++++ Recorded information

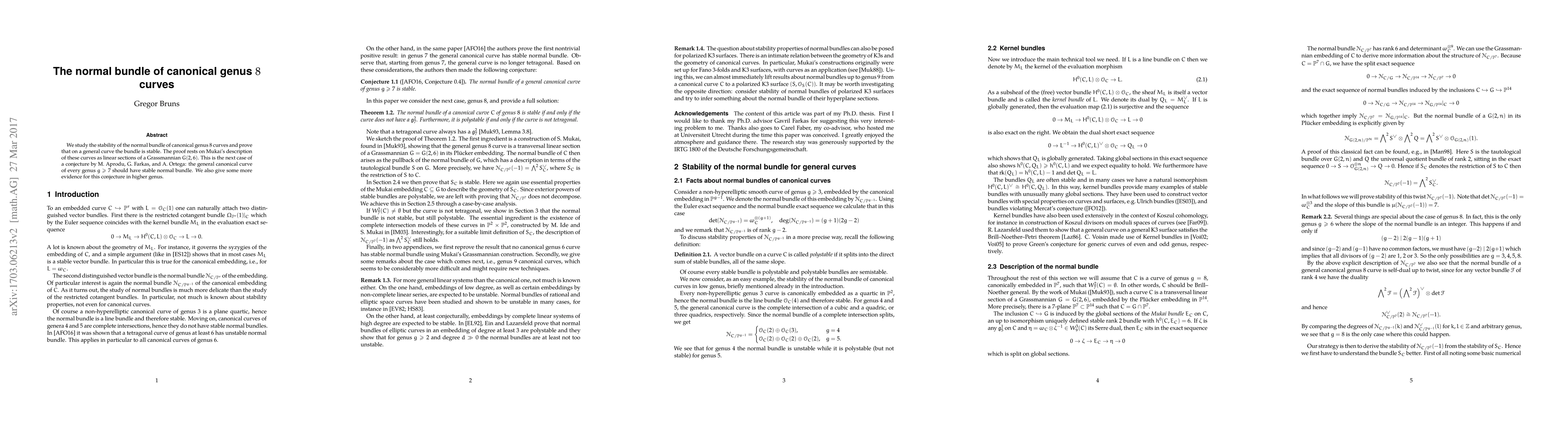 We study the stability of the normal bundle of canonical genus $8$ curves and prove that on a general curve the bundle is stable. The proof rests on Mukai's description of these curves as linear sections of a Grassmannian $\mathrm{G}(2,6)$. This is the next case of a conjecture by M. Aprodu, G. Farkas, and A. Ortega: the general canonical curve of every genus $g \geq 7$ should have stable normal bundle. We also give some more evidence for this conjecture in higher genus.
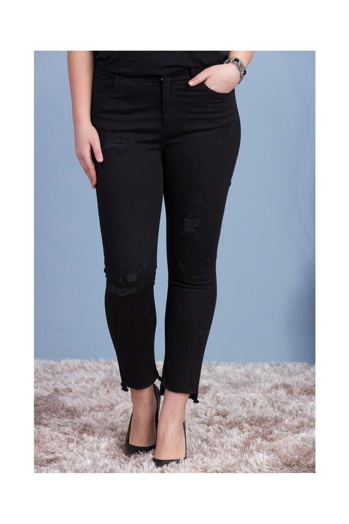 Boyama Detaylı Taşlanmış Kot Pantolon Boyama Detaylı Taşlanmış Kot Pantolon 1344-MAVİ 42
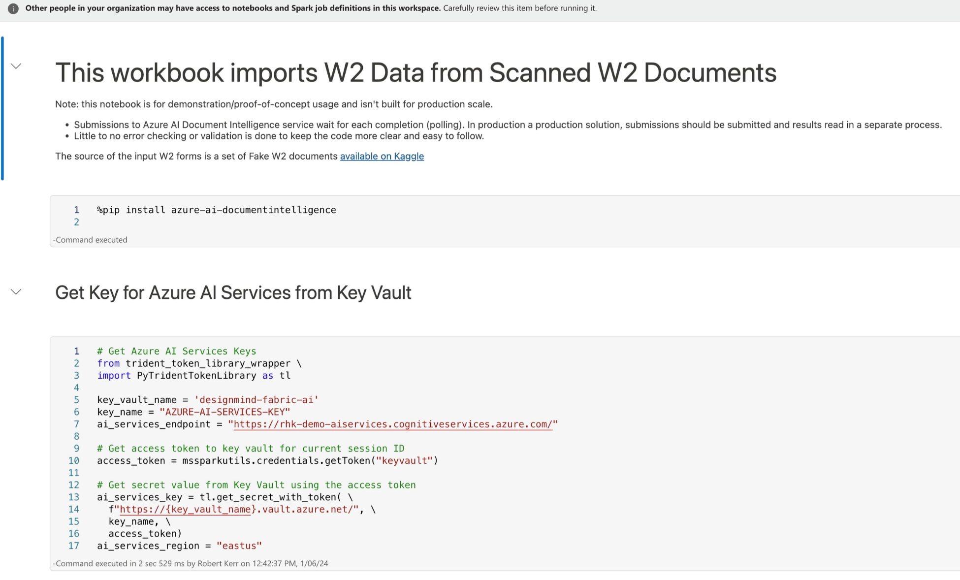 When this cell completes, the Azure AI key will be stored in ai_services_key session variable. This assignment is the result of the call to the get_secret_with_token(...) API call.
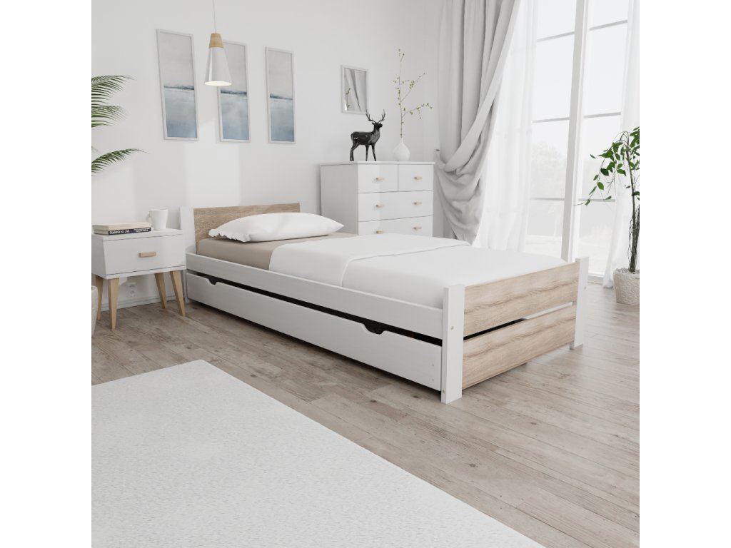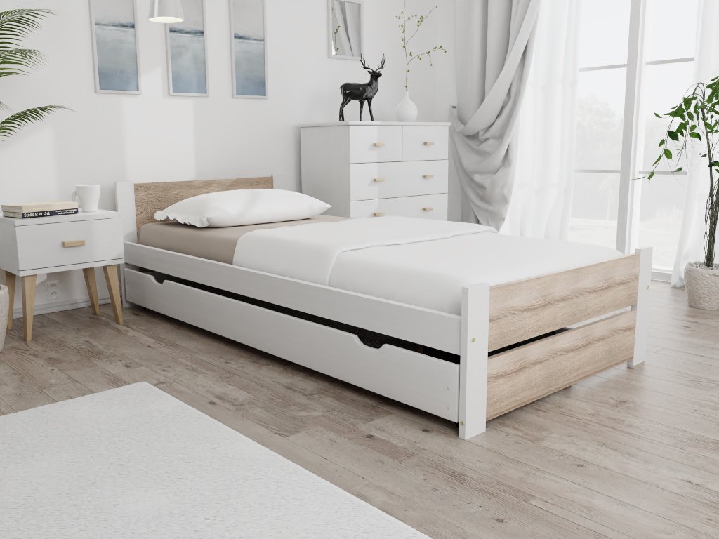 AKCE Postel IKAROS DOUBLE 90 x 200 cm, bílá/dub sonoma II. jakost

++++++++
++++ Recorded information

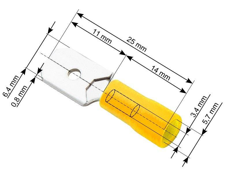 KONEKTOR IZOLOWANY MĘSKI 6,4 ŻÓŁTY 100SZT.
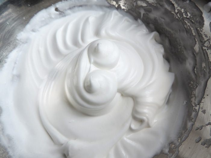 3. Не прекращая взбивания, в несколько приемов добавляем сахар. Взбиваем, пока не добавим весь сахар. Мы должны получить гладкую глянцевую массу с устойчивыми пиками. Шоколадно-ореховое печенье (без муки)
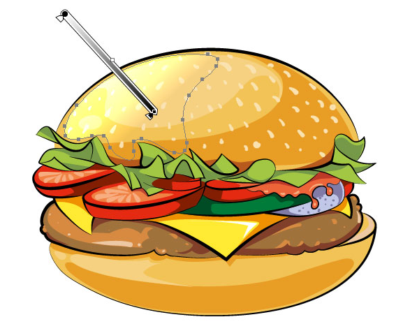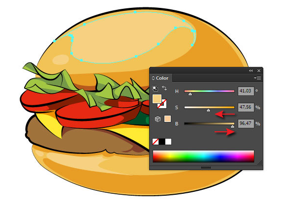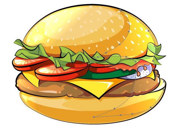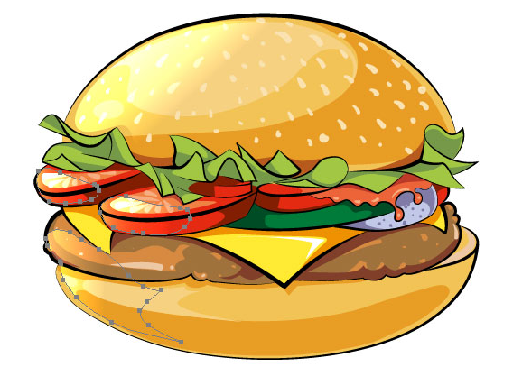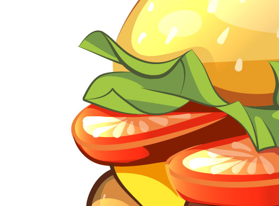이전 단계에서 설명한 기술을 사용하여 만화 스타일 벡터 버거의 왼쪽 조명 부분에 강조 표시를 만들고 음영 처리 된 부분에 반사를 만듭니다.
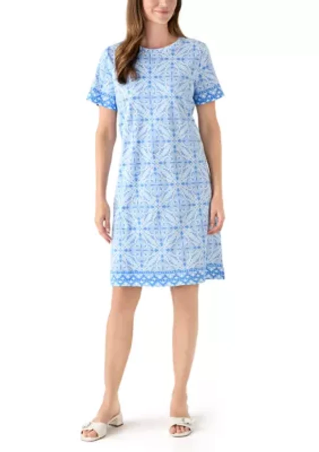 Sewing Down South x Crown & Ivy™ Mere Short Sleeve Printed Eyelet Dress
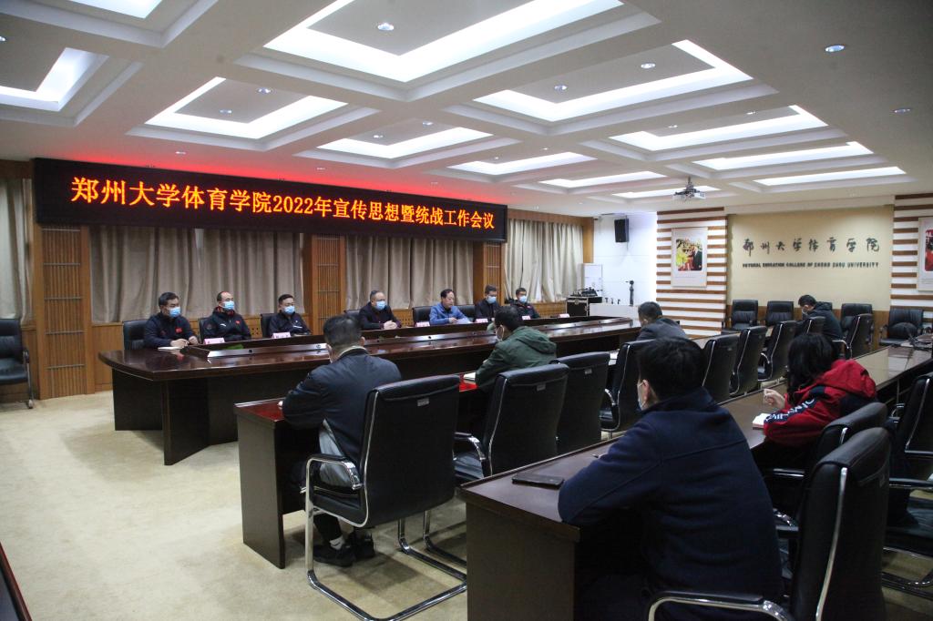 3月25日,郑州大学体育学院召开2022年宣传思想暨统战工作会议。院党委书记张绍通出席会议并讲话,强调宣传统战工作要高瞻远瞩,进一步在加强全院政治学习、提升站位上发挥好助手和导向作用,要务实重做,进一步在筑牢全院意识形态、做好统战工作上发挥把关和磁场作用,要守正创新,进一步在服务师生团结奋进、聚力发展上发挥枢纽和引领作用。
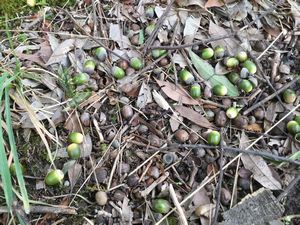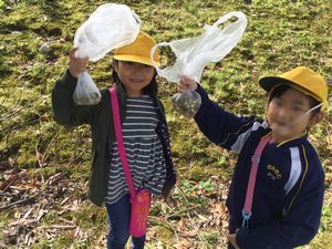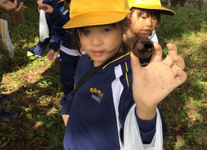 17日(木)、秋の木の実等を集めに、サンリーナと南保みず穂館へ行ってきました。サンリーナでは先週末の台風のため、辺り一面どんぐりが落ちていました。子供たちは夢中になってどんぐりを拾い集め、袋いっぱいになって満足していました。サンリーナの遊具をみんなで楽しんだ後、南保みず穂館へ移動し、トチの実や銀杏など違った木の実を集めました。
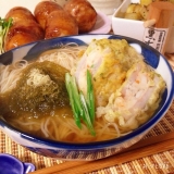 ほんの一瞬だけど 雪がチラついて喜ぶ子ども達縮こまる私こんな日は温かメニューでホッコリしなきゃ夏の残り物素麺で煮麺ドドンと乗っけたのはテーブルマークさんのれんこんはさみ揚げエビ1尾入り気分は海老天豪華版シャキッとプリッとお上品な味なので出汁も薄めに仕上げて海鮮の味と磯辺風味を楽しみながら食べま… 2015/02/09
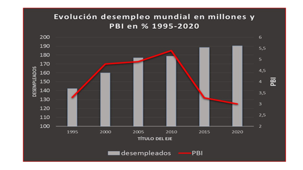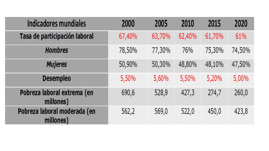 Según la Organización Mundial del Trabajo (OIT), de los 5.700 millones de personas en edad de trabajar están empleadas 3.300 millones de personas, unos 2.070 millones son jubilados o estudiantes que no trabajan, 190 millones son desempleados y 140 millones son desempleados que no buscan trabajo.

++++++++

Write out word for word the lines of the listing above from the line with "17日(木)、秋の木の実等を" to the line with "Según la Organización", taking in both of those lines but no pictures.

 17日(木)、秋の木の実等を集めに、サンリーナと南保みず穂館へ行ってきました。サンリーナでは先週末の台風のため、辺り一面どんぐりが落ちていました。子供たちは夢中になってどんぐりを拾い集め、袋いっぱいになって満足していました。サンリーナの遊具をみんなで楽しんだ後、南保みず穂館へ移動し、トチの実や銀杏など違った木の実を集めました。
 ほんの一瞬だけど 雪がチラついて喜ぶ子ども達縮こまる私こんな日は温かメニューでホッコリしなきゃ夏の残り物素麺で煮麺ドドンと乗っけたのはテーブルマークさんのれんこんはさみ揚げエビ1尾入り気分は海老天豪華版シャキッとプリッとお上品な味なので出汁も薄めに仕上げて海鮮の味と磯辺風味を楽しみながら食べま… 2015/02/09
 Según la Organización Mundial del Trabajo (OIT), de los 5.700 millones de personas en edad de trabajar están empleadas 3.300 millones de personas, unos 2.070 millones son jubilados o estudiantes que no trabajan, 190 millones son desempleados y 140 millones son desempleados que no buscan trabajo.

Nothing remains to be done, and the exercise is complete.